Wow, you have a good variety there.
Got a batch in as we speak. PID set @ 40° tray half filled with apple dust . Didn't have anything else ready to go. Cold temps got me locked up a bit so meat prep has been tough to get figured out with highs next few days in the -5° range.


----------



## xray (Jan 17, 2019)

Very nice selection!!! You’ll have a nice sampler platter in no time. 

 If you smoke enough cheese you’ll be able to put some away for long term storage.

The horseradish and Muenster are two of my favorites.


----------



## Hawging It (Jan 17, 2019)

Winterrider said:


> Wow, you have a good variety there.
> Got a batch in as we speak. PID set @ 40° tray half filled with apple dust . Didn't have anything else ready to go. Cold temps got me locked up a bit so meat prep has been tough to get figured out with highs next few days in the -5° range.
> View attachment 385713


Looking good!! Stay warm. Currently 55 and cloudy with a mist of rain from time to time.


----------



## Hawging It (Jan 17, 2019)

xray said:


> Very nice selection!!! You’ll have a nice sampler platter in no time.
> 
> If you smoke enough cheese you’ll be able to put some away for long term storage.
> 
> The horseradish and Muenster are two of my favorites.

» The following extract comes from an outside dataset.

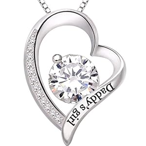 ALOV Jewelry Sterling Silver Father Daughter Love Heart Cubic Zirconia Pendant Necklace
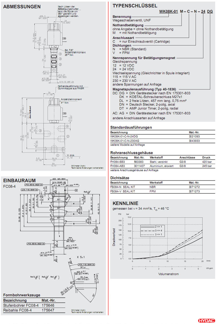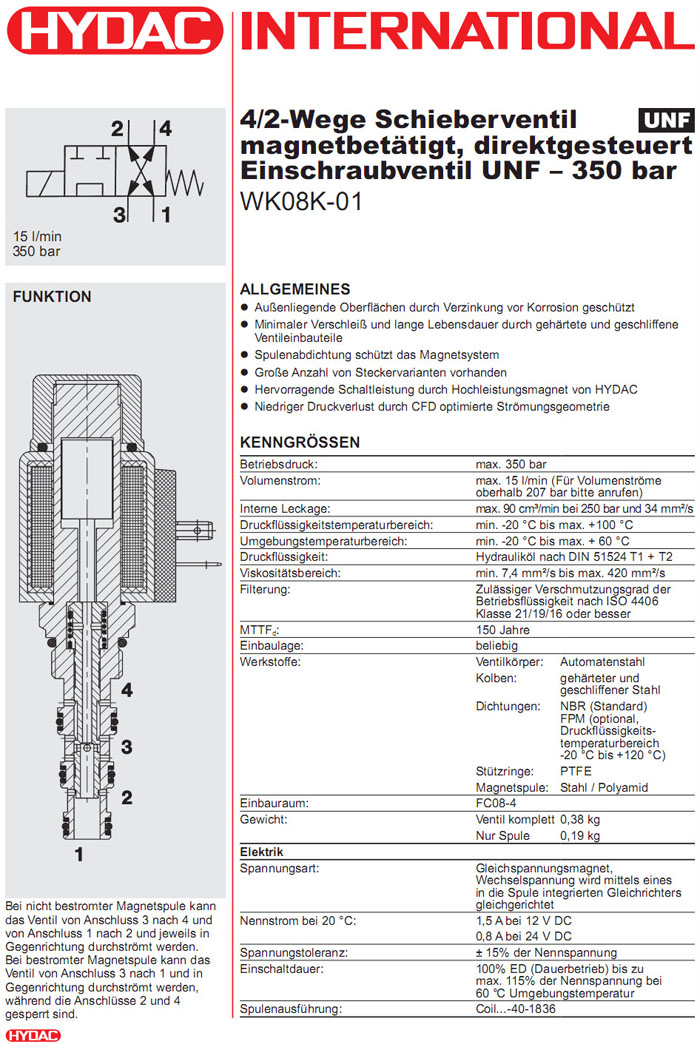 WK08K-01-C-N-24DG,WK08K-01-C-N-230AG,HYDAC電磁4/2方向滑閥

Awesome. That's the plan to put several blocks away long term.


----------



## smokin peachey (Jan 17, 2019)

Looks like a nice selection Hawg. Keep it up the dairy farmers need all the help they can get right now.
Are you planning #4 yet?


----------



## Hawging It (Jan 17, 2019)

smokin peachey said:


> Looks like a nice selection Hawg. Keep it up the dairy farmers need all the help they can get right now.
> Are you planning #4 yet?


Prolly next week. I'm ready to throw on some HAWG this weekend. Been on the Saint Louis ribs for a few years now and stopped smoking Baby Backs. May throw on a couple of BB racks on this weekend and see if the Bayou Classic smokes them as well as she does the Saint Louis ribs.


----------



## HalfSmoked (Jan 17, 2019)

Hawg any reason you are laying your cheese down flat instead of on its edge??

Warren


----------



## Hawging It (Jan 17, 2019)

HalfSmoked said:


> Hawg any reason you are laying your cheese down flat instead of on its edge??
> 
> Warren


Didn't know I should. All that I have seen online are laying flat.


----------



## HalfSmoked (Jan 17, 2019)

On edge gives more area to smoke easier.

Warren


----------



## HalfSmoked (Jan 17, 2019)

Flatbroke Thanks for the like.

Warren


----------



## Hawging It (Jan 17, 2019)

HalfSmoked said:


> On edge gives more area to smoke easier.
> MO BETTA!
> Warren


----------



## HalfSmoked (Jan 17, 2019)

yup now your getting there we will make a cheese smoker out of you yet.  

Warren


----------



## Hawging It (Jan 17, 2019)

HalfSmoked said:


> yup now your getting there we will make a cheese smoker out of you yet.
> 
> Warren


No doubt!!


----------



## HowlingDog (Jan 17, 2019)

Yum, looks great.  Smoked cheddar is great.  I've been told smoked swiss is really good.  Gotta try that next!


----------



## crazymoon (Jan 17, 2019)

HI, I think you will really like the smoked horseradish ,it is one of my favorites.


----------



## Norwester55 (Jan 17, 2019)

I've been looking for Cabots Horseradish but nobody carries it here. I finally found a store today thats 20-25 miles away, so I might run over there one of these days to get some. Bacon cheddar sounds good! Two of the major food groups right there. ;)


----------



## Hawging It (Jan 17, 2019)

Norwester55 said:


> I've been looking for Cabots Horseradish but nobody carries it here. I finally found a store today thats 20-25 miles away, so I might run over there one of these days to get some. Bacon cheddar sounds good! Two of the major food groups right there. ;)


Absolutely!


----------



## Hawging It (Jan 17, 2019)

crazymoon said:


> HI, I think you will really like the smoked horseradish ,it is one of my favorites.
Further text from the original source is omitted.